The last book I represented was written by Caitlin O'Connell's The Elephant's Secret Sense. I represented her, even though I'd stopped being an agent. I'd transitioned from representing an author to 20-30 editors to presenting one book to 20-30 students at at time. Part of how I chose the High School age to teach was after working at Drumlin Farm as a Naturalist when I first returned to MA , at the age of 40, having left when I was 17. I'd been teaching for 4-5 years when Caitlin approached me. Caitlin's book is magnificent and I hope to one day volunteer my meager services to her in Namibia, Malaysia or Maui. Please read all her books on Elephants or go see her at the Explorers Club in NYC in April.
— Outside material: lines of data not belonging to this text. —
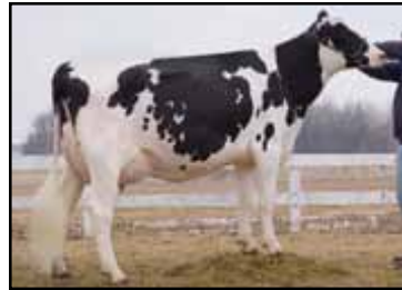
Miss Shttle Maggie Sue EX-90 EX-Ms DOM 2-3 2 365 36950 4.5 1649 Selling Her ROBUST Jan Calf backed by a great cow family
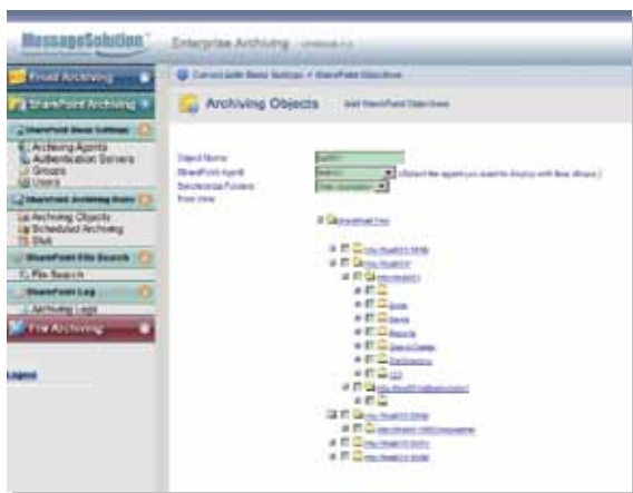
SharePoint Archiving Objects
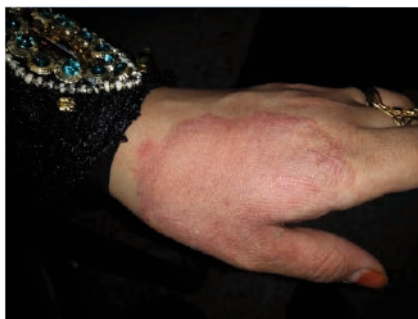
Figure 1. Tinea incognito involving the hands and nails masqueraded as acute or chronic eczema.

Over the last three years, we were able to see a large number of cases of tinea incognito in both private and hospital settings, with a diversity of clinical presentations. Undisputedly, there has been an increase in the frequency of tinea incognito in our community over the last few years. This may be correlated with malpractice in the field of dermatology, where there was a misdiagnosis of initial fungal infections and, therefore incorrect prescription of topical immunosuppressive agents by unaware physicians. Initially, these medications suppress the normal cutaneous immune responses to dermatophyte, thus enhancing the development of fungal infections. 6,7 In our study, the majority of patients were females (64%), while 36% were males. Despite the previous reporting that the infection rate of dermatophytic fungus was higher in males as compared to females, 8 Iraqi women were more likely to misuse topical steroids than men. This finding was in contrast to other studies. 2,10-14 Besides the misapplication of topical fluorinated steroid in most cases, a preparation containing a mixture of potent steroids with antifungal and antibacterial agent (mixed drug combinations) was also used. In the latter case, the potent steroid overcomes the effect of the anti-fungal agent, thus exacerbating superficial dermatophytoses. 9 Such combinations are irrationally sold as an over the counter medications without any prescription. Similarly, an outbreak of tinea incognito in
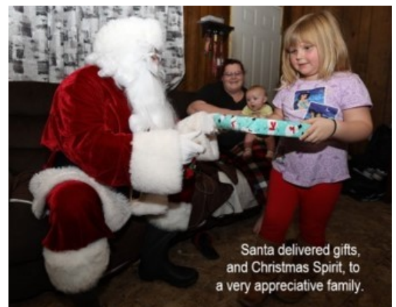
Santa delivered gifts, and Christmas Spirit, to a very appreciative family.
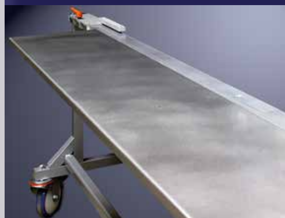
Supporting table (Option)

Example: • Sewing length 3,600 mm • Frame length 4,850 mm • Fixation of the fabric: Right and left holders combined with intermediate holders
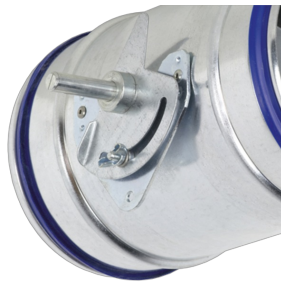
VARIANT FOR MANUAL OPERATION
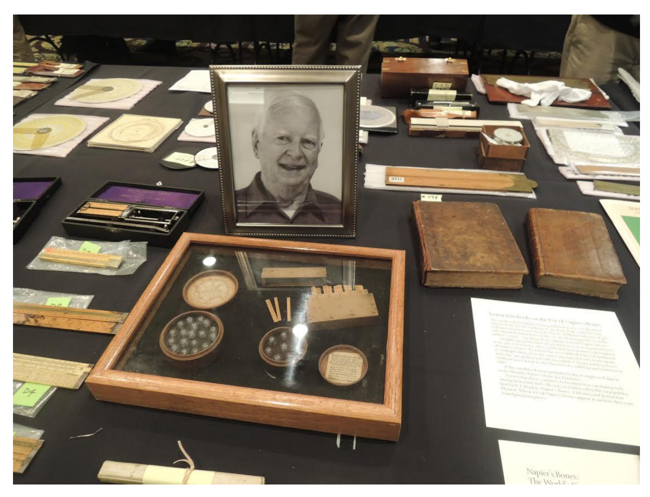
IM2015 - Some Rarities on Display from the Thomas Wyman Collection
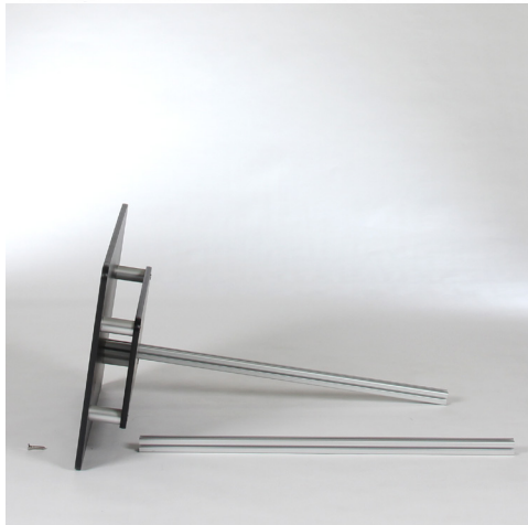
3) Now slide 36" poles through square holes & attach to base with bolts from below.
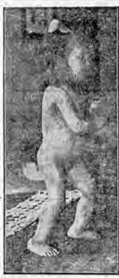
T. v. 19-åriga goss, offer för krigsordning, t. h. en fjärd av under- näring, t. h.

WIEN, 12 jan. En anlag om hur situationen i Wien är kan man möjligen få, om man här utt alla, säger och skriver alla, familjer med en inkomst underliggande 90 tusen kronor, giveträ österrike, räknas som hjälplöshärande. För ett i någon mån hanna kontrollera den giva hjälpen har i dagarna ett "Familjörorgelant" utgivits. Detta forumär utvalda till- sammans med beaktningen till alla famil- jer med lägre inkomst än 20 tusen kro- nor. På detta forumär, som svarer de- utligna ekonomiska situation, lärnattal o. d. antecknas av de olika hjäl- plighetsnämna varje givet underord. Na- turligtvis är detta förfarande i många rätts och förhållanden som det är dock
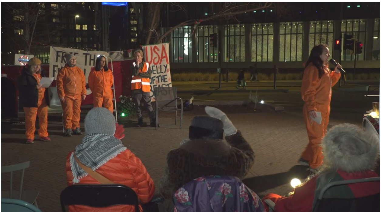
UK dissidents draw attention to US-Zionist crimes on inauguration day
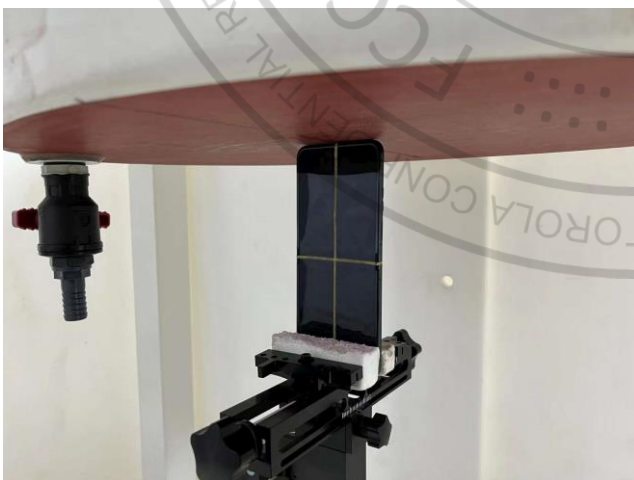
Top Side, Test Separation 0 mm
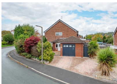
12 Strathmore Crescent, Wombourne, Wolverhampton
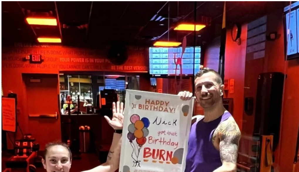
Orangetheory fitness gym
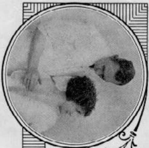
PALPAT Finding the Cause —One Imporia in Analj

There is no wealth great enough to compensate them for a life filled with poor health and suffering.
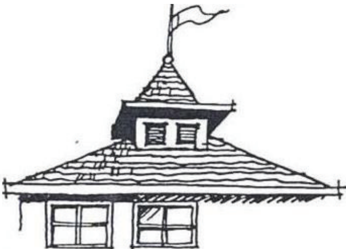
Figure 16-5: Cupola Roof
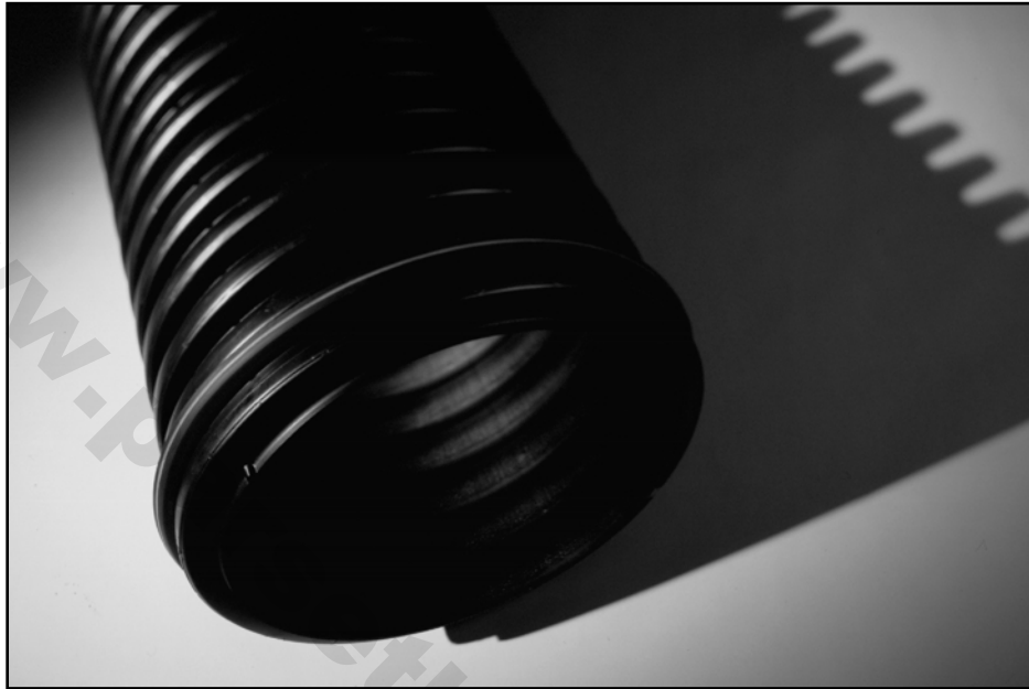
Figure 3-1: Type C HDPE Pipe with Interior and Exterior Corrugations

Typically, Type C pipe with interior and exterior corrugated walls is available in 3-inch through 24-inch diameters. Interior and exterior corrugated pipe in smaller diameters are connected with separate snap-on connections with no gasket. In larger diameters, the connections are made with corrugated bands secured with plastic ties.
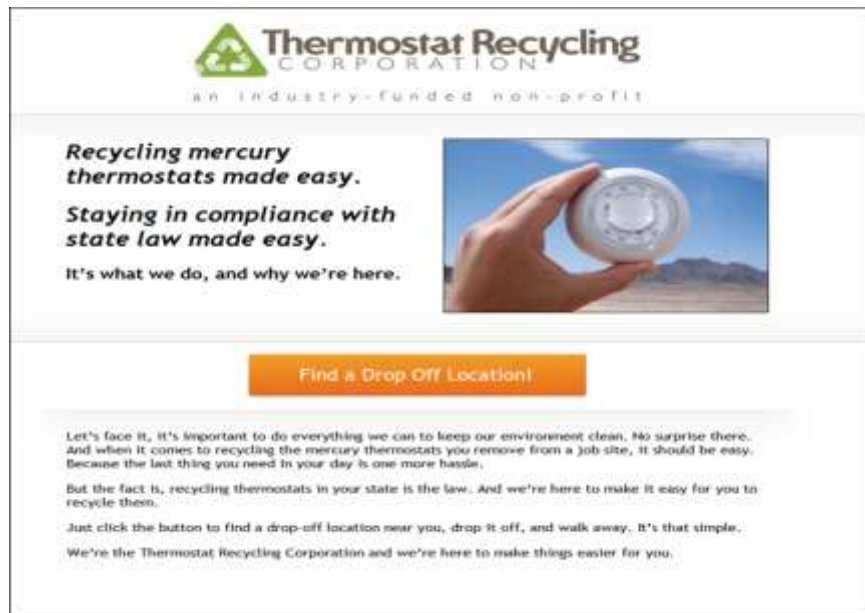
Exhibit 6: Google “Landing Page:

Print Advertisement HVACR Business Magazine — TRC placed a ½ page color advertisement in a special section on thermostats in the April addition.
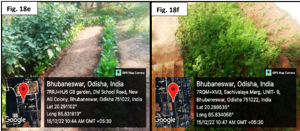
Fig. 18(a – f) -Kitchen Gardens from Kitchen Wastes Maintained by the Hostels in the Backyard and Frontyard of Different Hostels of RIE, Bhubaneswar.
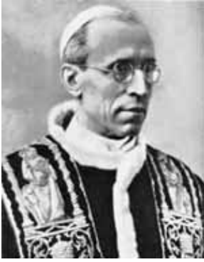
Eugenio Pacelli (1876-1958). White Pope from 1939 to 1958.

Fanatical Fatima crusader Pope Pius XII declared war to the death with all of Rome's enemies.
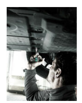
The 411 A RA T-handle is suitable for 1/4" sockets. The sockets are securely locked via the ball.
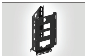
MB-AFN/FFE-V-BRKT-V2 Lightweight 400mm V Bracket.
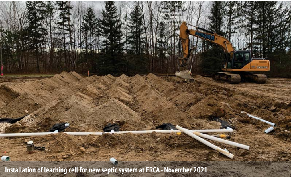
Installation of leaching cell for new septic system at FRCA - November 2021
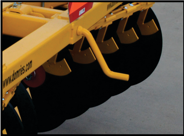
FINE TURN CRANK CONTROL FOR REAR GANGS TO ASSURE A FLAT SMOOTH FINISH.
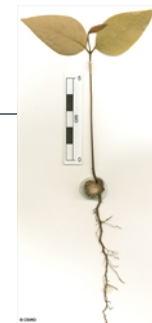
Cotyledon stage, hypogeal germination.
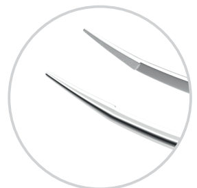
McPherson Tying Forceps Curved 4-177D
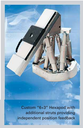
Custom "6+3" Hexapod with additional struts providing independent position feedback
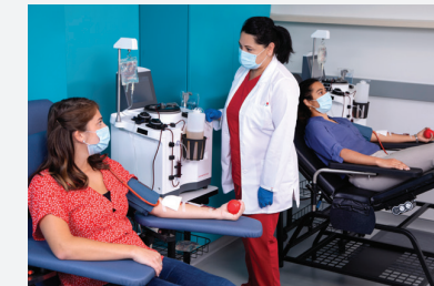
Persona Service and Support offers fully supported implementation and overnight conversion to minimize disruption to center operations.

Longer-term, more personalized experiences can meaningfully increase loyalty and trust, according to research.†† This potentially leads to improved quality and longevity of donor relationships , meeting head-on the difficulty of cost-effectively expanding a donor base and improving retention.
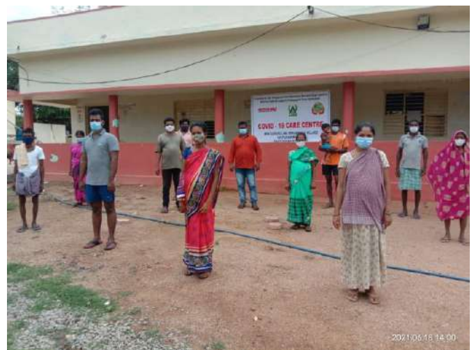
Buckets, Tooth Paste, Mugs, Soaps Etc., distribution to Patients
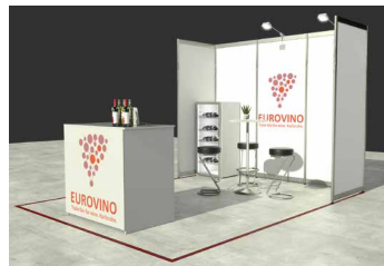
Stand example 12 m 2 Magnum
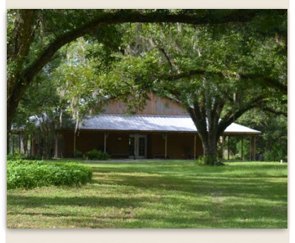
Peace Education Center
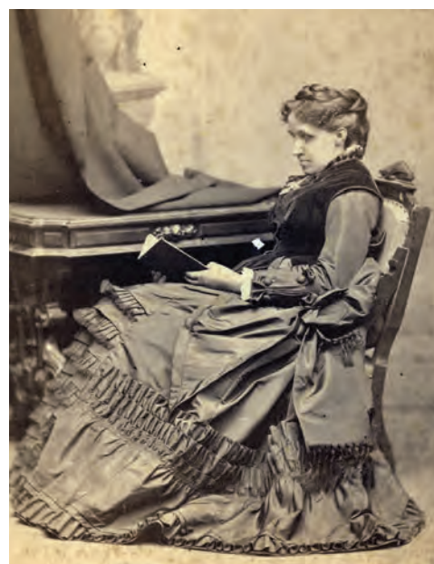
Louisa May Alcott, Concord Museum Collection

On exhibit May 7 through November 7, 2021
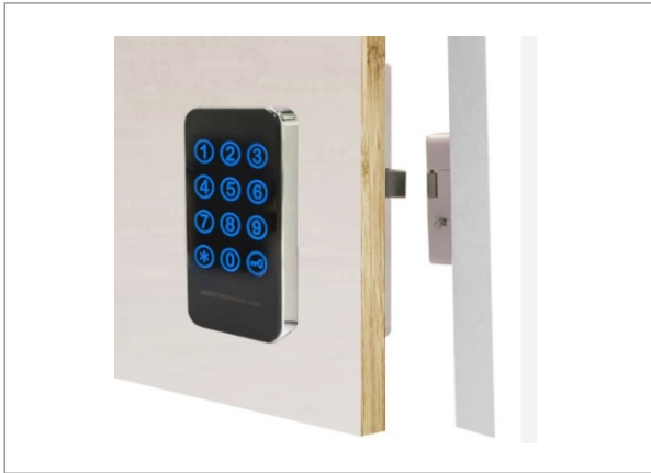
CABINET LOCKS / LOCKERS LOCK
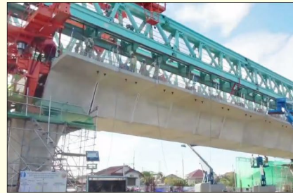
Construction of the North-South Commuter Rail (Philippines)
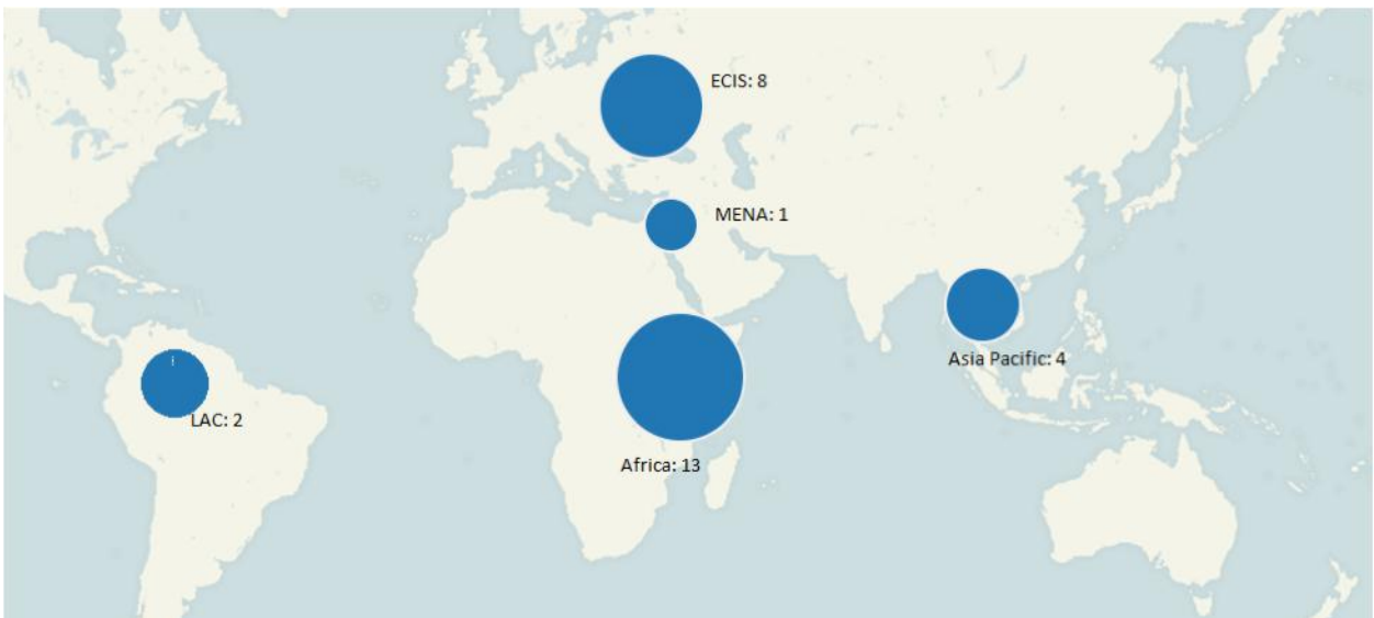
Figure 1: Geographical distribution of PDAs (as of 31 December 2013)
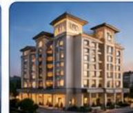
HOTELS & HOSPITALITY
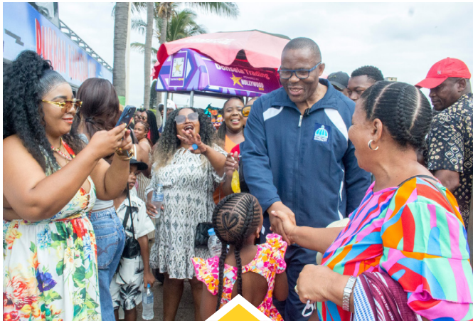
EThekweni Mayor Councillor Cyril Xaba engaged with holidaymakers on the Durban beachfront over the Easter holiday.

A WALKABOUT conducted by eThekweni Mayor Councillor Cyril Xaba on the beachfront over the Easter weekend revealed that the security measures implemented yielded positive results. Mayor Xaba also took the opportunity to engage with holidaymakers from South Africa and abroad during the walkabout.
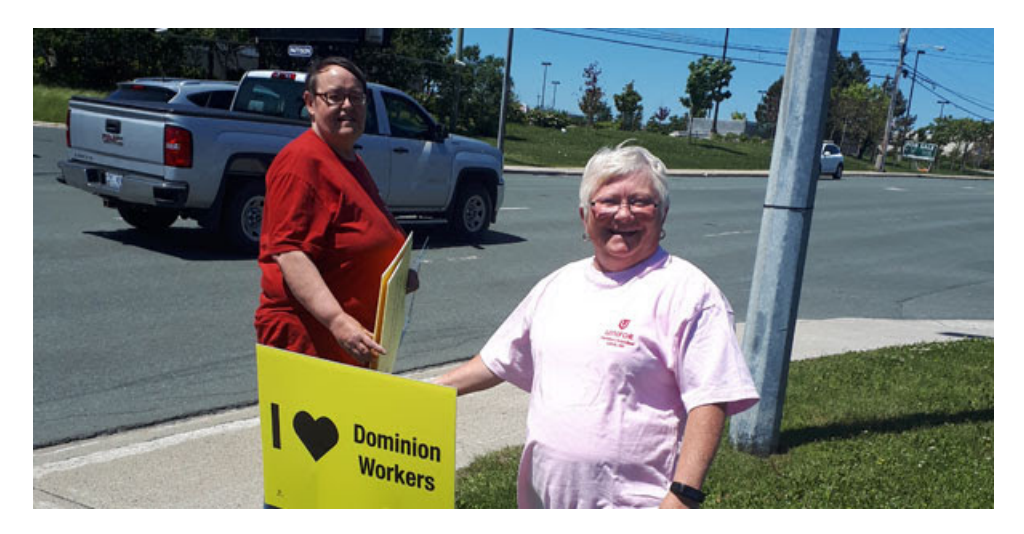
Strike deadline approaches for Newfoundland Dominion grocery workers as negotiations for a fair collective agreement go down to the wire with Loblaw Companies Limited.
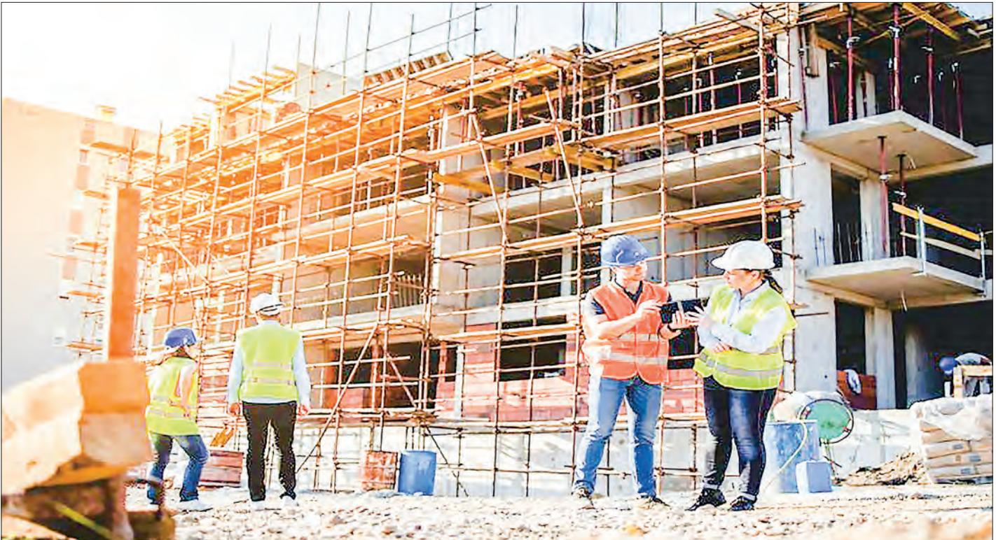
This photo shows ongoing construction project.

90 teachers to teach students from Sagaing who will retake matriculation exam
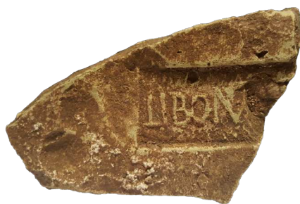
Fig. 7. Stamp LIBON[---] from Caska (Cissa).
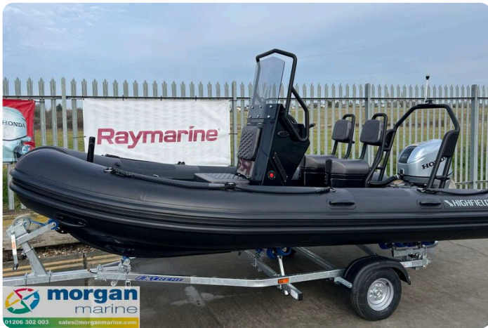
Highfield Patrol 460 black - main
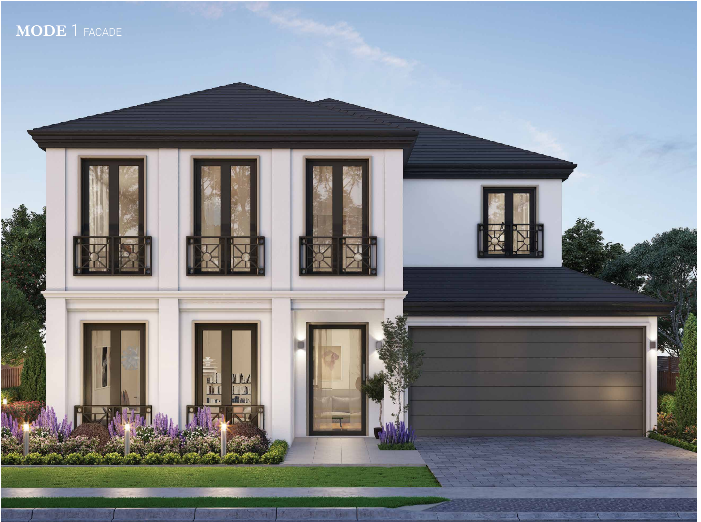
MODE 1 FACADE
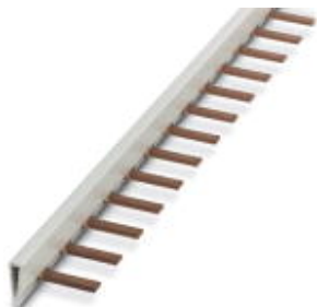
Insertion bridge, pitch: 18 mm, number of positions: 56, color: gray

Please be informed that the data shown in this PDF Document is generated from our Online Catalog. Please find the complete data in the user's documentation. Our General Terms of Use for Downloads are valid ( http://phoenixcontact.com/download )

She is also leading some research on the reefs in Hawaii and The British Virgin Islands.
Octopus and Elephants. For those of us who love animals; they are some of the most adaptive and easy to reason with as a human. Yes, REASON, but that's another story.
Which brings me Ganesh...the remover of obstacles. I gathered him up after a 4 day Seminar with Deepak Chopra the summer I asked for my divorce. The lessons and the mediation skills I learned at that retreat have sustained me through a tough time and now are feeding this new discipline of writing each night.
So Good Night, Octophants and Ganesh lovers around the globe, G'night!